I always assumed that those megareads with low quality values were molecules that had gotten stuck in the pore and produced artifactual signal for a really long time, but could it be that instead they are "normal" reads but the basecalling had so far not been able to decode them? Perhaps the signal is somehow a bit different/slower to the shorter reads due to the added bulk?

mprous1 commented 4 days ago

I have also noticed that with the v5 basecalling model my datasets consistently get longer N50 than with previous models. Does not seem to be specific to very long reads, N50 has been usually one or few kb for me. I actually would have expected to get smaller N50 with more accurate models if it recognizes chimeric reads better. So I do wonder if this increased N50 is now better or not.

susie-ont commented 3 days ago

Hi @diego-rt & @mprous1 - thanks for raising this, which version(s) of Dorado were you using? If you were basecalling using different versions of Dorado as well as different model versions, this may be caused by changes in trimming or read splitting in different Dorado versions.

diego-rt commented 3 days ago

Hi, this was v5@sup with dorado 0.7.1 and v4.3@sup with dorado 0.6.0

mprous1 commented 1 day ago

The trimming and splitting options should be exactly the same.
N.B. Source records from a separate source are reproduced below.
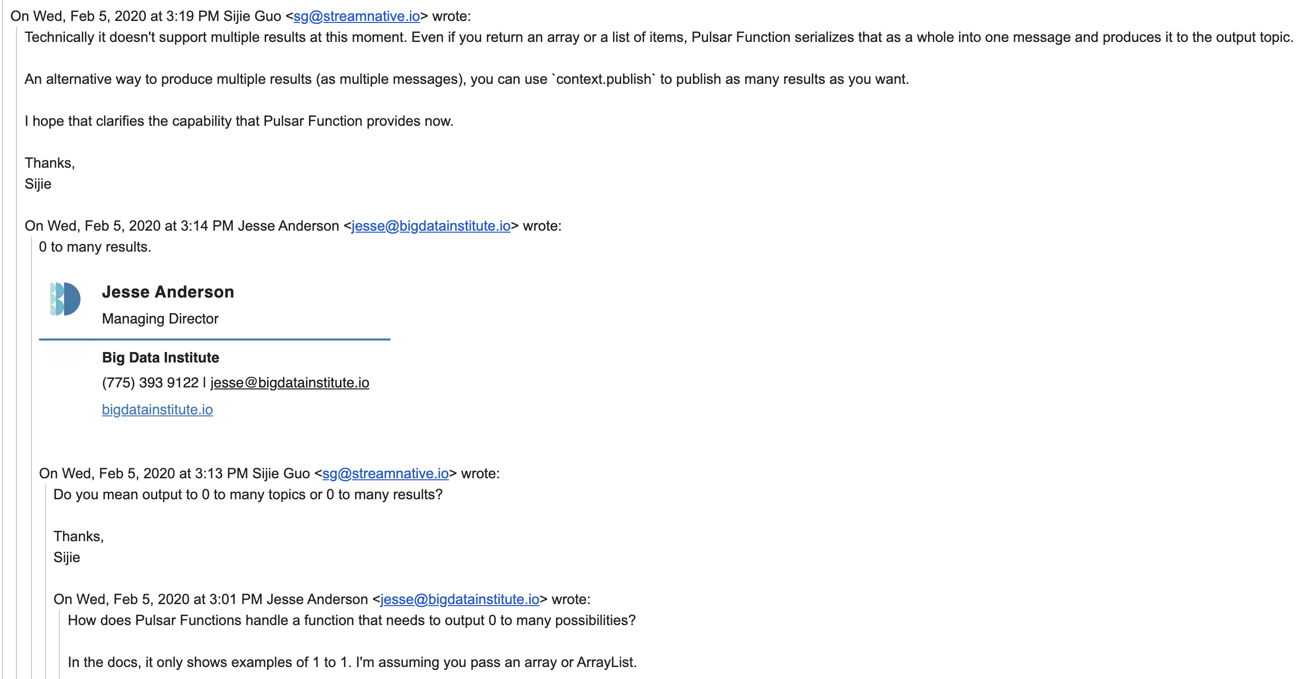 Anonymitaet opened a new issue #6243: [Doc] Add explanations for function can output one or multiple results URL: https://github.com/apache/pulsar/issues/6243 https://streaml.io/blog/eda-event-processing-design-patterns-with-pulsar-functions
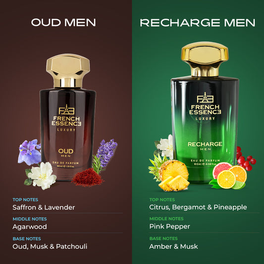 Oud + Recharge Premium Perfume Set for Men 60ml+30ml (Pack of 2)
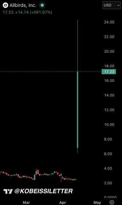 📉 Yesterday, Allbirds’ stock $BIRD fell 99% from its all-time high, with the footwear company on the verge of collapse.

In comparison between dorado 0.5 (don't remember exactly if 0.5.1 or 0.5.2...) and 0.7.0 using the same commands (trimming and read splitting enabled by default), 0.7 produces longer N50 for both, simplex only and duplex only. I had a closer look at one sample. The difference is small, e.g. 5913 kb vs 5974 for simplex only reads. There are fewer simplex only reads but more duplex reads with dorado 0.7, which makes sense. Despite of fewer simplex only reads, the total amount of bp for these reads is higher (about 0.5%) with 0.7. Based on this it seems to me that repetitive regions are better estimated perhaps with dorado 0.7 rather than more chimeric reads. So the slight increase in N50 maybe is a good sign after all.